In the event of the permanent and total disability or death of an optionee while in an employment or other relationship with the Company, any Option held by such optionee shall terminate on the earlier of the date of expiration of the Option or one year following the date of such disability or death. After disability or death, the optionee (or in the case of death, his or her executor, administrator or any person or persons to whom this option may be transferred by will or by laws of descent and distribution) shall have the right, at any time prior to such termination

 

6


of an Option , to exercise the Option to the extent the optionee was entitled to exercise such Option as of the date of his or her disability or death. An optionee is permanently and totally disabled if he or she is unable to engage in any substantial gainful activity by reason of any medically determinable physical or mental impairment which can be expected to last for a continuous period of not less than 12 months; permanent and total disability shall be determined in accordance with Section 22(e)(3) of the Code and the regulations issued thereunder.

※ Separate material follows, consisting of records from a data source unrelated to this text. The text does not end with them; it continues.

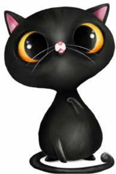
Gato Negro, el felino de la buena suerte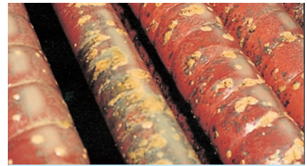
煙管ボイラに発生した腐食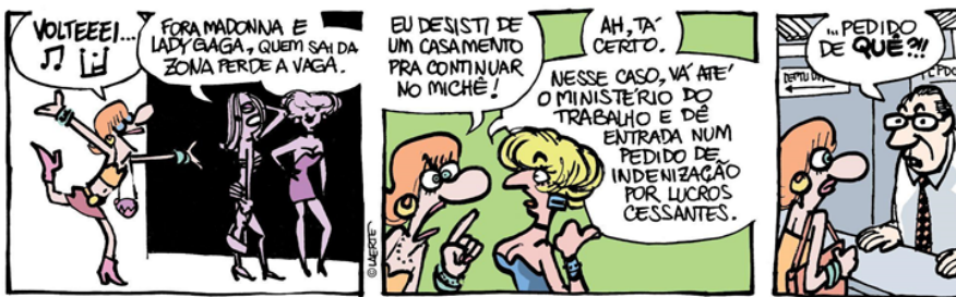
Figura 4. Laerte Coutinho. Historias de Muriel , 2020.

está recogida en el film Laerte-se (2017), dirigido por Lygia Barbosa y Eliane Brum.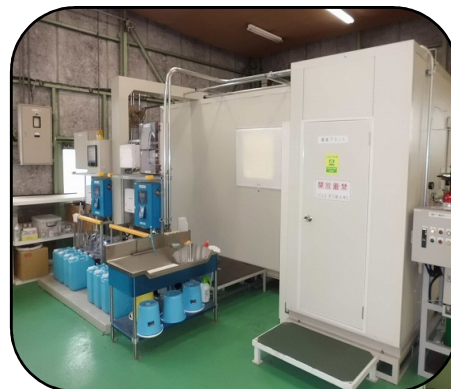
テストプラント外観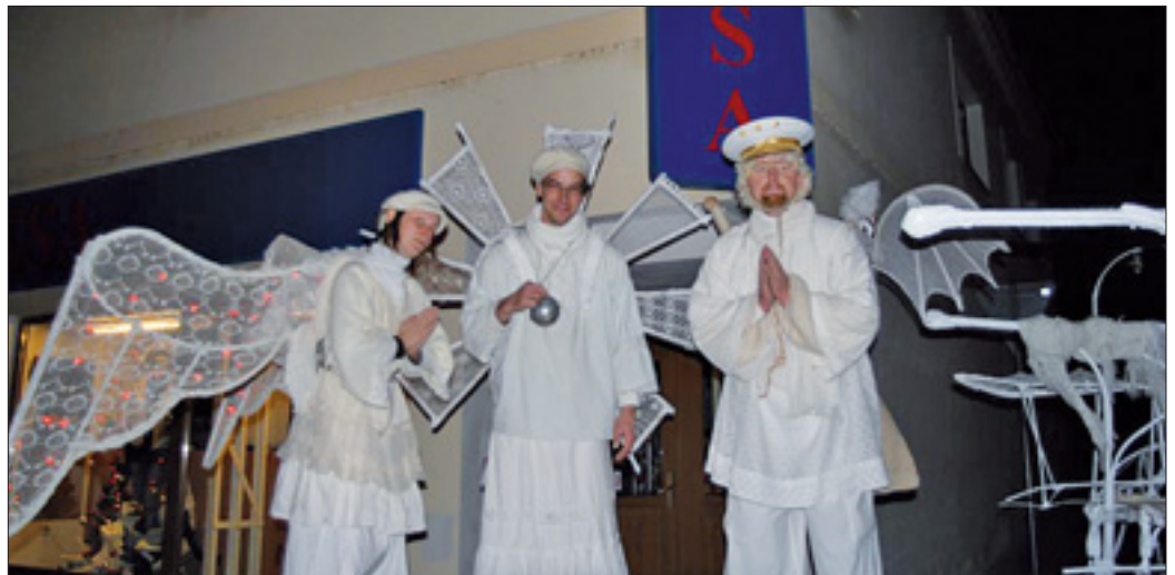
Zjevení andělů tančících na chůdách

5. Rights as a Shareholder. The holder of an Option shall have no rights as a shareholder with respect to any shares covered by the Option (including, without limitation, any rights to receive dividends or non-cash distributions with respect to such shares) until the date of issue of a stock certificate to him or her for such shares. No adjustment shall be made for dividends or other rights for which the record date is prior to the date such stock certificate is issued.

6. Additional Provisions. The Board of Directors may, in its sole discretion, include additional provisions in Restricted Stock Agreements and Option Agreements, including, without limitation, restrictions on transfer, rights of the Company to repurchase shares of Restricted Stock or shares of Common Stock acquired upon exercise of Options, commitments to pay cash bonuses, to make, arrange for or guaranty loans or to transfer other property to optionees upon exercise of Options, or such other provisions as shall be determined by the Board of Directors; provided that such additional provisions shall not be inconsistent with any other term or condition of the Plan and such additional provisions shall not be such as to cause any Incentive Stock Option to fail to qualify as an Incentive Stock Option within the meaning of Section 422 of the Code.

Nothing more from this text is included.